Problem description:
With the pictures left aside, write out exactly the lines of the listing below from the line with "где Lобщ - общий пробег автомобилей, км." to the line with "Boho Pink Orange", both included, and only those.

[[ Exercise inputs open ]]

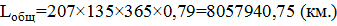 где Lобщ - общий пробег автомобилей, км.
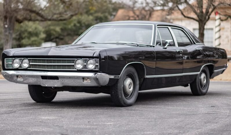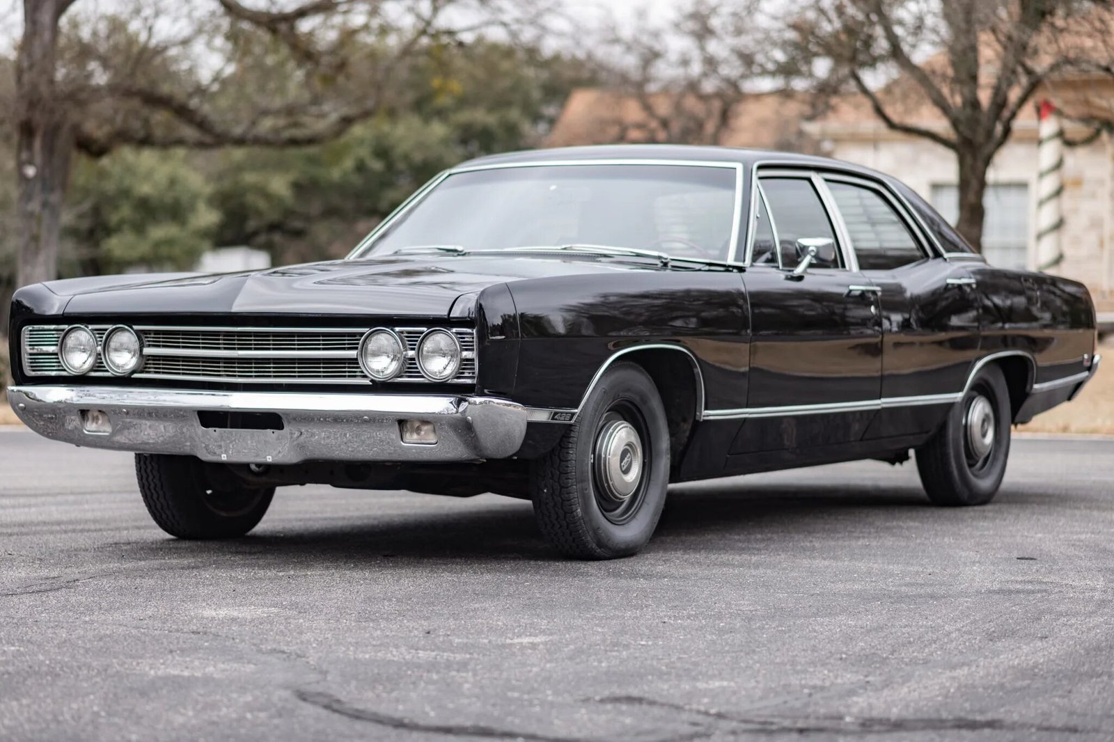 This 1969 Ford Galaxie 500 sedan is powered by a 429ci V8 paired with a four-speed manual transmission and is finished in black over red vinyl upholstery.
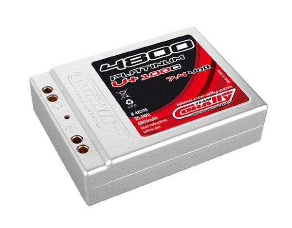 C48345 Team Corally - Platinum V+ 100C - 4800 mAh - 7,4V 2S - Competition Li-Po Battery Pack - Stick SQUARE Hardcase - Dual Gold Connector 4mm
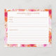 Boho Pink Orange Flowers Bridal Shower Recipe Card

[[ Exercise inputs closed ]]
[[ Exercise inputs open ]]

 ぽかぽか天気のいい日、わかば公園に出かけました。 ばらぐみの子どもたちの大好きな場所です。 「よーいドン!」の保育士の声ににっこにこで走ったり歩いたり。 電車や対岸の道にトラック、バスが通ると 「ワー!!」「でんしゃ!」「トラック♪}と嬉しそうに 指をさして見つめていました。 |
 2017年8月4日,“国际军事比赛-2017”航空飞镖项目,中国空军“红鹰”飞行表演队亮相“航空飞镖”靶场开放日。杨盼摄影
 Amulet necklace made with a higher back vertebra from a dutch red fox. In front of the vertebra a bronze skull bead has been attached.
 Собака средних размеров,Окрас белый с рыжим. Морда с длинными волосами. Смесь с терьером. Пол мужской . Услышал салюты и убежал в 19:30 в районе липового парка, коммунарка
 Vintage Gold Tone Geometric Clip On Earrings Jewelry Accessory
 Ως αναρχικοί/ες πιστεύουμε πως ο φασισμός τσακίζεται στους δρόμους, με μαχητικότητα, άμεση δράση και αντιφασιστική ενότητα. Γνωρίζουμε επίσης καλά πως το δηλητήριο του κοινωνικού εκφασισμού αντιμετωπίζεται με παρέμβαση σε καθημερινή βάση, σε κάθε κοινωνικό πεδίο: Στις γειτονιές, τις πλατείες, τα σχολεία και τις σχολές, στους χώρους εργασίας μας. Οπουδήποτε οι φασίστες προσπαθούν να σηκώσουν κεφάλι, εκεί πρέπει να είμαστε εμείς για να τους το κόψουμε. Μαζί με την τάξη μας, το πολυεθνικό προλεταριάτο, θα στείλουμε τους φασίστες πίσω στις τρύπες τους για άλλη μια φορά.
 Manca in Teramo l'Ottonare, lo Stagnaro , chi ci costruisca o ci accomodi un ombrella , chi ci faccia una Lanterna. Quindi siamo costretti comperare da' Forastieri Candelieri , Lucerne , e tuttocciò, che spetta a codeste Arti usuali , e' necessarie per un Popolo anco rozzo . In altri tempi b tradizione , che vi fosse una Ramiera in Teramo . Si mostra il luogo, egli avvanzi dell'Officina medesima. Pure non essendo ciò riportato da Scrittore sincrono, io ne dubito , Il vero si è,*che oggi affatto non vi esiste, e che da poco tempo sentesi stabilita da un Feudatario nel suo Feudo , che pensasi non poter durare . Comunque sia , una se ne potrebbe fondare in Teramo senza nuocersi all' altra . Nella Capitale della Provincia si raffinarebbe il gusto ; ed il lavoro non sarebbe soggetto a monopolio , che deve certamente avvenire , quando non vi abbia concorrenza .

[[ Exercise inputs closed ]]

Exercise solution:
 где Lобщ - общий пробег автомобилей, км.
 This 1969 Ford Galaxie 500 sedan is powered by a 429ci V8 paired with a four-speed manual transmission and is finished in black over red vinyl upholstery.
 C48345 Team Corally - Platinum V+ 100C - 4800 mAh - 7,4V 2S - Competition Li-Po Battery Pack - Stick SQUARE Hardcase - Dual Gold Connector 4mm
 Boho Pink Orange Flowers Bridal Shower Recipe Card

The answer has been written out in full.